Small-caps and large-caps are wildly popular among investors, however, mid-cap stocks, such as Cameco Corporation (TSX:CCO), with a market capitalization of CA$6.18B, rarely draw their attention from the investing community. Despite this, the two other categories have lagged behind the risk-adjusted returns of commonly ignored mid-cap stocks. This article will examine CCO’s financial liquidity and debt levels to get an idea of whether the company can deal with cyclical downturns and maintain funds to accommodate strategic spending for future growth. Don’t forget that this is a general and concentrated examination of Amazon’s financial health, so you should conduct further analysis into CCO here. Check out our latest analysis for Cameco

Does CCO generate enough cash through operations?

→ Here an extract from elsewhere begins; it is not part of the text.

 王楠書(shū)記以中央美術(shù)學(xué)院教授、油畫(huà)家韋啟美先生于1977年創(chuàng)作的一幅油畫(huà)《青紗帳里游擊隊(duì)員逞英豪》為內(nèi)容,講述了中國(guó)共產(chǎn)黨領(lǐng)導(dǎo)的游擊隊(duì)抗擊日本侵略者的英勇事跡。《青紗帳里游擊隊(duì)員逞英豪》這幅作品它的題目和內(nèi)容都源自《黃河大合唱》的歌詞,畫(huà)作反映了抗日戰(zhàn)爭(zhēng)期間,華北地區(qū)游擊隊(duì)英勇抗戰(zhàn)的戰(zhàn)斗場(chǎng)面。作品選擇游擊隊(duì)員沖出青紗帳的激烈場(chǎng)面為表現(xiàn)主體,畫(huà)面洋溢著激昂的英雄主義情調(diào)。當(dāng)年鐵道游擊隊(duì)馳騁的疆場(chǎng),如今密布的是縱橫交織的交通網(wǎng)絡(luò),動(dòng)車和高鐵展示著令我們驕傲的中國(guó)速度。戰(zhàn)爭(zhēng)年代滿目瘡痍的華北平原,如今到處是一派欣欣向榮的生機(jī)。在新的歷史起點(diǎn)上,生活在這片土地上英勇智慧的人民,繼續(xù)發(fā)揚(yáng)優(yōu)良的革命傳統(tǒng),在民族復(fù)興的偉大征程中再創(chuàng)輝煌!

CCO’s debt level has been constant at around CA$1.49B over the previous year – this includes both the current and long-term debt. At this stable level of debt, CCO currently has CA$591.62M remaining in cash and short-term investments , ready to deploy into the business. On top of this, CCO has generated CA$596.05M in operating cash flow during the same period of time, leading to an operating cash to total debt ratio of 39.88%, indicating that CCO’s debt is appropriately covered by operating cash. This ratio can also be a sign of operational efficiency for unprofitable companies as traditional metrics such as return on asset (ROA) requires a positive net income. In CCO’s case, it is able to generate 0.4x cash from its debt capital.

Does CCO’s liquid assets cover its short-term commitments?

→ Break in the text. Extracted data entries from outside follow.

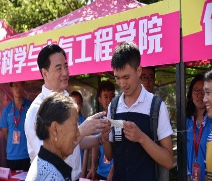 迎新工作点,正逢一新生和家人来到迎新地点报道,李元元校长与年迈奶奶进行亲切交谈,李元元校长向奶奶介绍了女同av
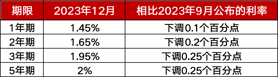 大行整存整取定存利率(2023年12月公布数据)
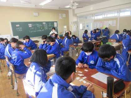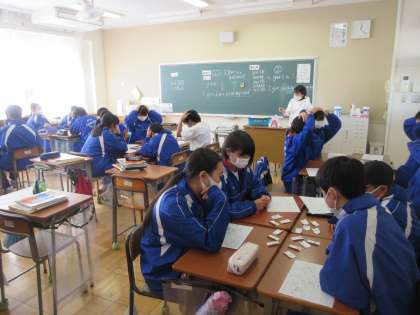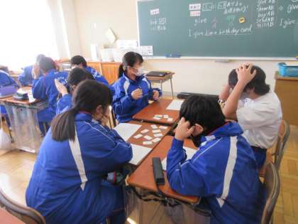 12月7日(水) 2年生英語の授業 公開日 2022/12/07 更新日 2022/12/07 できごと 「人に〜をあげるの表現を知ろう」 2年生の英語の授業では、「give 人 物」で「〜に〜をあげる」の表現を学習しました。その後、似た表現を使ったカルタを行いました。とっても盛り上がっていました。
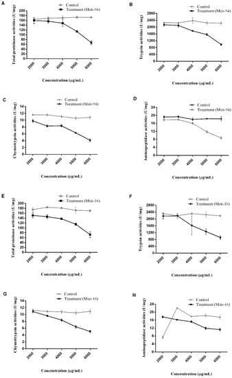 Activities of the four selected enzymes treated with different concentrations of Msti-94 and Msti-16 added to the artificial feed along with the control. Total proteinase vs. Msti-94 (A); trypsin vs. Msti-94 (B); chymotrypsin vs. Msti-94 (C); aminopeptidase vs. Msti-94 (D); proteinase vs. Msti-16 (E); trypsin vs. Msti-16 (F); chymotrypsin vs. Msti-16 (G); aminopeptidase vs. Msti-16 (H). The calculation method of the enzyme activity is based on the international calculation formula, and an enzyme activity unit (U) is defined as the reduction or production of 1 μmol substrate in 1 min. Control refers to the group with the artificial feed without any inhibitors (non-induced bacterial sample), and treatment refers to the artificial feed with inhibitors.
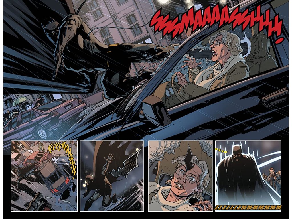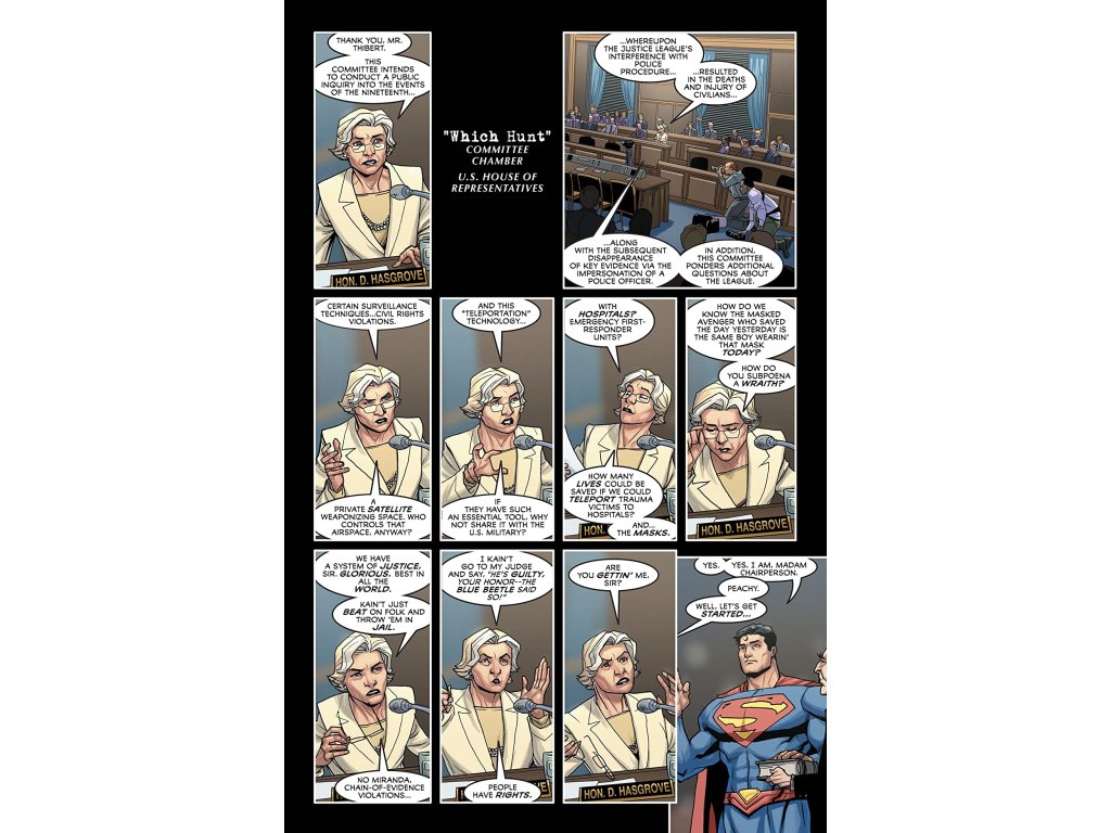 “JUSTICE LOST” part three! Footage of a major Justice League failure ends up on an extremist website, going viral across social media and prompting a Congressional investigation of the team. As public debate explodes over America’s trust in the Justice League, the team faces a crisis of confidence in Batman and his methods, which ultimately highlights fractures within the team over civil rights and methodology.
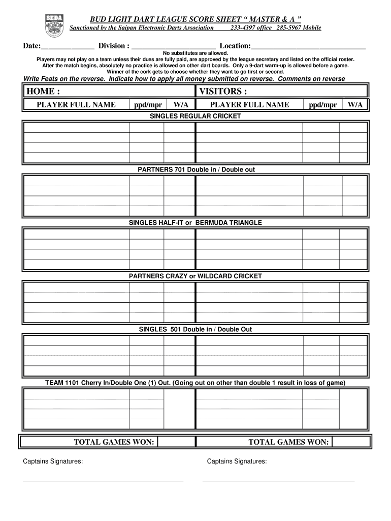 Darts Score Sheet Pdf Fill Online Printable Fillable Blank PdfFiller
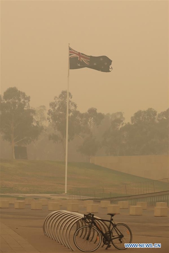 An Australian national flag is shrouded in bushfire smoke in Canberra, Australia, Jan. 5, 2020. Australia's bushfire crisis, which has seen more than 1,500 homes destroyed and at least 23 confirmed deaths according to The Australian newspaper, were expected to be exacerbated by catastrophic conditions forecast for Saturday. (Photo by Chu Chen/Xinhua)
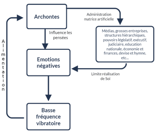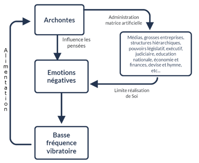 Pour maintenir l'homme dans l'ignorance de sa véritable nature, les Archontes emploient une méthode insidieuse : ils le persuadent qu'il est l'opposé de ce qu'il est réellement. Ainsi, ils le convainquent de sa faiblesse, de son impuissance, de son dénuement et de sa séparation d'avec la Source, alors même qu'il en est intrinsèquement une partie. Agissant comme des parasites psychiques, les Archontes insufflent des pensées à l'homme par des moyens que celui-ci est loin de suspecter, souvent là où il s'y attend le moins : à travers ses propres pensées. Ces pensées induites engendrent des émotions qui, à leur tour, produisent une fréquence vibratoire dont se nourrissent les Archontes. Ils procèdent ainsi parce qu'ils ne sont pas autonomes et dépendent de cette énergie pour exister et se renforcer.
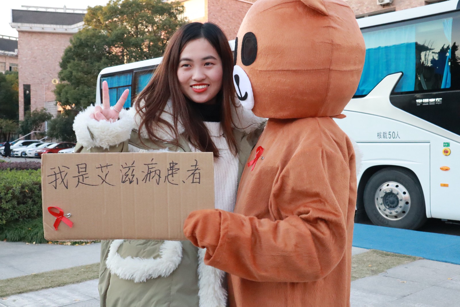 防艾知识宣传。12月1日起,校团委在学校中心广场设立防艾宣传点,向全校师生宣传防艾相关知识。身穿玩偶服的“艾滋病感染者”和大家互动拥抱,充分地让大家正视、尊重艾滋病感染者。往来的同学们更是在签名版上留下了自己对艾滋感染者的心语心愿。

At the current liabilities level of CA$410.99M liabilities, it appears that the company has been able to meet these obligations given the level of current assets of CA$2.14B, with a current ratio of 5.2x. However, a ratio greater than 3x may be considered as too high, as CCO could be holding too much capital in a low-return investment environment.

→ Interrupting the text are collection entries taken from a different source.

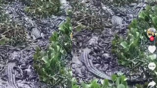 จะลงไปเอายังไงละทีนี้! เมื่อหนุ่มสูบน้ำเพื่อจับปลา แต่มีจระเข้แถมมาตั้ง3ตัว
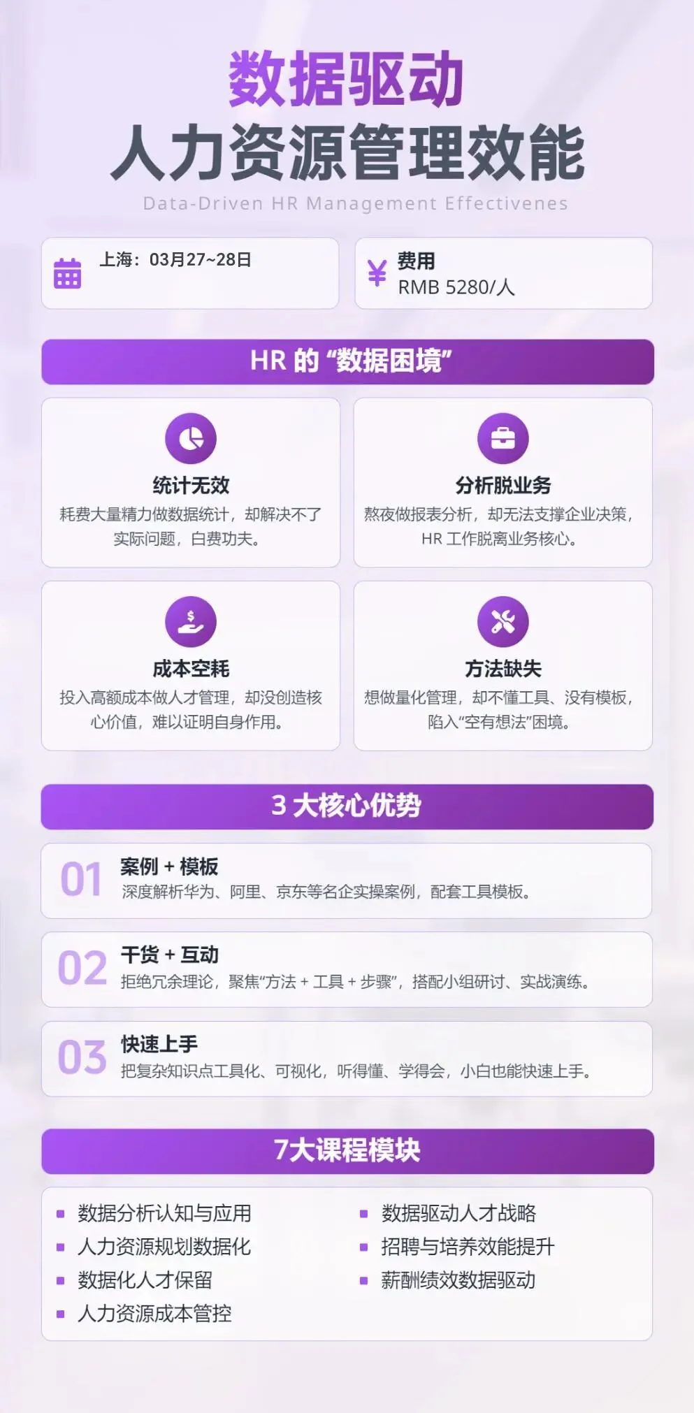 我们联合专业讲师,打造了【数据驱动人力资源管理效能】线下课。
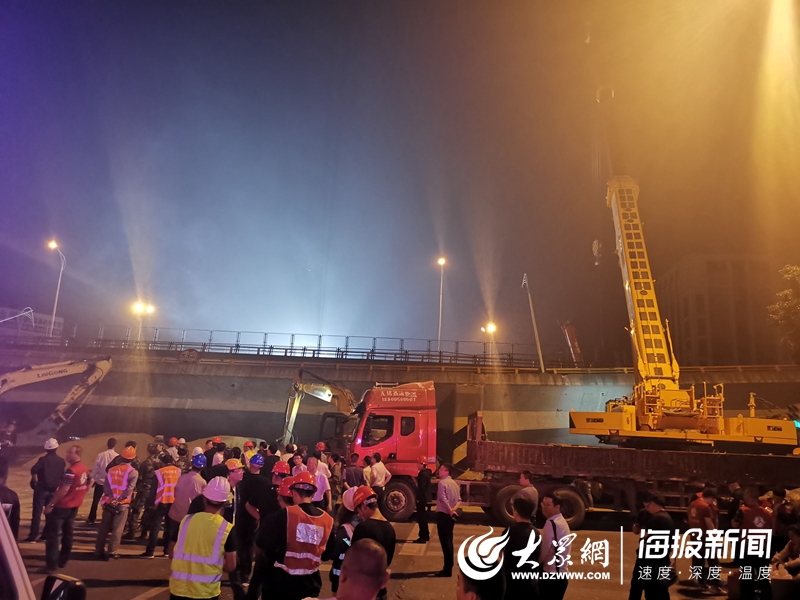 10日晚23時,記者在現場看到,側翻的橋面有數十米長,一輛拉著鋼材的大貨車仍停留在側翻的橋面上。現場救援人員正在緊急破拆側翻的橋面。

TSX:CCO Historical Debt Jun 20th 18

Can CCO service its debt comfortably?

With a debt-to-equity ratio of 30.38%, CCO’s debt level may be seen as prudent. This range is considered safe as CCO is not taking on too much debt obligation, which can be restrictive and risky for equity-holders. CCO’s risk around capital structure is low, and the company has the headroom and ability to raise debt should it need to in the future.

Next Steps:

CCO’s debt level is appropriate for a company its size, and it is also able to generate sufficient cash flow coverage, meaning it has been able to put its debt in good use. In addition to this, the company exhibits proper management of current assets and upcoming liabilities. Keep in mind I haven’t considered other factors such as how CCO has been performing in the past. You should continue to research Cameco to get a better picture of the stock by looking at:

  1. Future Outlook: What are well-informed industry analysts predicting for CCO’s future growth? Take a look at our free research report of analyst consensus for CCO’s outlook.
  2. Valuation: What is CCO worth today? Is the stock undervalued, even when its growth outlook is factored into its intrinsic value? The intrinsic value infographic in our free research report helps visualize whether CCO is currently mispriced by the market.
  3. Other High-Performing Stocks: Are there other stocks that provide better prospects with proven track records? Explore our free list of these great stocks here.

To help readers see pass the short term volatility of the financial market, we aim to bring you a long-term focused research analysis purely driven by fundamental data. Note that our analysis does not factor in the latest price sensitive company announcements.

The author is an independent contributor and at the time of publication had no position in the stocks mentioned.